JAY – School Superintendent Stephen Cottrell suggested when he was hired in 2000 that school negotiators hire a professional negotiator to help level the playing field during contract negotiations.

Cottrell said Tuesday that School Committee members and he agreed back then that his role would not be at the negotiating table but as a go-between for staff and committee members. As far as he knows, Cottrell said, members of the School Committee and the superintendent negotiated previous contracts while the Jay Education Association, the teachers’ union, had representation from the Maine Education Association.

“I recommended the school board employ a chief negotiator so there would be a level playing field,” Cottrell said.

JEA members voted “no confidence” in both Cottrell and School Committee members last week. Among the union’s concerns were declining morale in the school staff and lack of support from administration and School Committee members.

Teachers have been negotiating with school negotiators since September 2001 and have been working without a new contract since last September. Out of 99 votes cast, three staff members opposed the “no confidence vote” on the School Committee and less than a quarter opposed the “no confidence vote” on Cottrell, JEA President Sherry Gilbert said.

Cottrell said he considers a “no confidence” vote during negotiations “fairly typical when the process slows down or stalls.”

“Personally, it gave me cause for introspection to look at how I’m doing things. I believe I treat people fairly and with respect and I understand the Jay Education Association’s position of no confidence,” he said, due to the drawn out process.

“I would hope that the JEA president would also be introspective,” he said.

Gilbert said, “We as an organization have been very thought provoking on everything we’ve done.”
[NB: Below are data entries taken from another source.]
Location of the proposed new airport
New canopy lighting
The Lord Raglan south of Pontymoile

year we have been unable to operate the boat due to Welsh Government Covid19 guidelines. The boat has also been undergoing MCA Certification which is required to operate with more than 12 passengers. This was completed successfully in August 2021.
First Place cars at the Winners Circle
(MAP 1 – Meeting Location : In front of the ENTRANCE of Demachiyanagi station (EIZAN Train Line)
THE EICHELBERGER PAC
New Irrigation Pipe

JEA members wondered where the guidance from administration is, she said, and they wondered what they could do as an organization to keep things positive in the school system.

Cottrell said he has kept his routine the same since the negative vote.
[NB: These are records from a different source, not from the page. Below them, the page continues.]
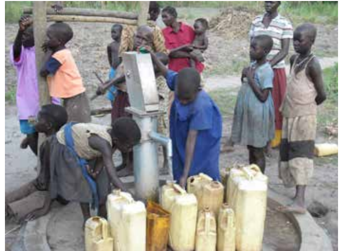
Children of the Kole district collecting water from a borehole

The impact of this project is profoundly felt by women and children in particular, who are responsible for the daily chore of collecting water. Without a properly maintained supply in the community this can often be really tough, involving long distances away from the village carrying heavy loads.
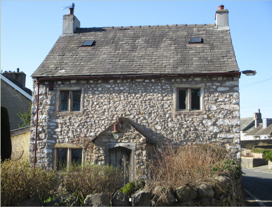
114 North Road, House and Barn
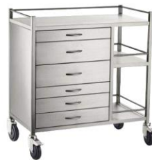
Six drawer trolley
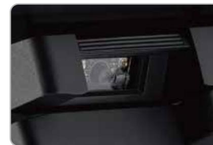
2D Barcode Scanner

Dressed from head to toe in timeless black or white color, the only trend that never goes out of style, and with stylish touches added throughout, the HS-6500 Series is not just a piece of machinery, it is an elegantly crafted piece of art that looks right at home in any store decoration.
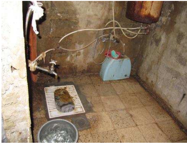
Toilet to be maintained
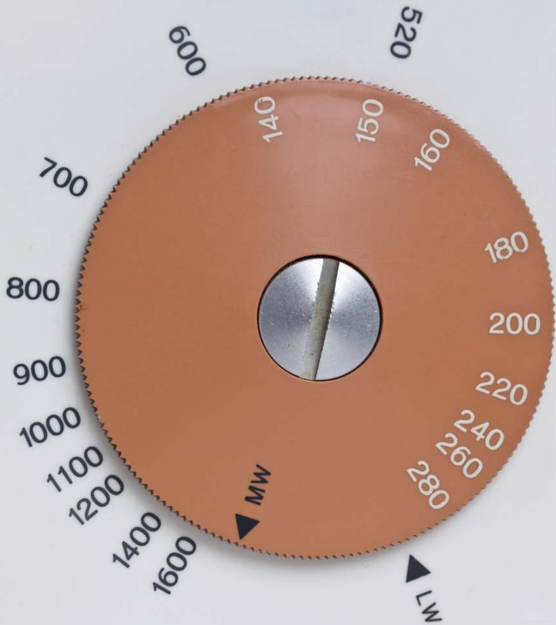
Portable Receiver exporter 2

“I have not changed my approach to the daily visits to the buildings and have received considerable verbal support from staff,” he said. “I do feel I’m doing the right thing relative to negotiations. Negotiations is a process and we will eventually have a contract.”

Cottrell said when he became superintendent in August of 2000, the Jay Education Technician Association had just finished contract negotiations. At the final meeting, the association was represented by a negotiator from the MEA while the school board negotiated on its own, he said.

“It was clear to me as a new superintendent two things needed to happen,” he said.

First, all negotiated contracts needed to be reviewed by school’s legal counsel because each contract had its own language.

“Once that was done, I recommended to the board that they employ a chief negotiator on their behalf since four contracts were up for negotiation,” Cottrell said. “I wanted to make it fair for everybody.”

“The school board and I agreed my role would not be at the table but as an intermediary,” Cottrell said. Both bargaining teams from the School Committee and JEA have chief negotiators and have followed the process. Taxpayers have paid in excess of $22,000 for the school’s negotiator just for negotiating with the JEA.

“We have settled with some bargaining groups and making progress with others,” Cottrell said. The board settled contracts with secretaries and administrators. It is beginning negotiations with education technicians and has a new group, cafeteria staff to negotiate with. The teachers’ union and bus driver/custodian union negotiations’ are still unsettled.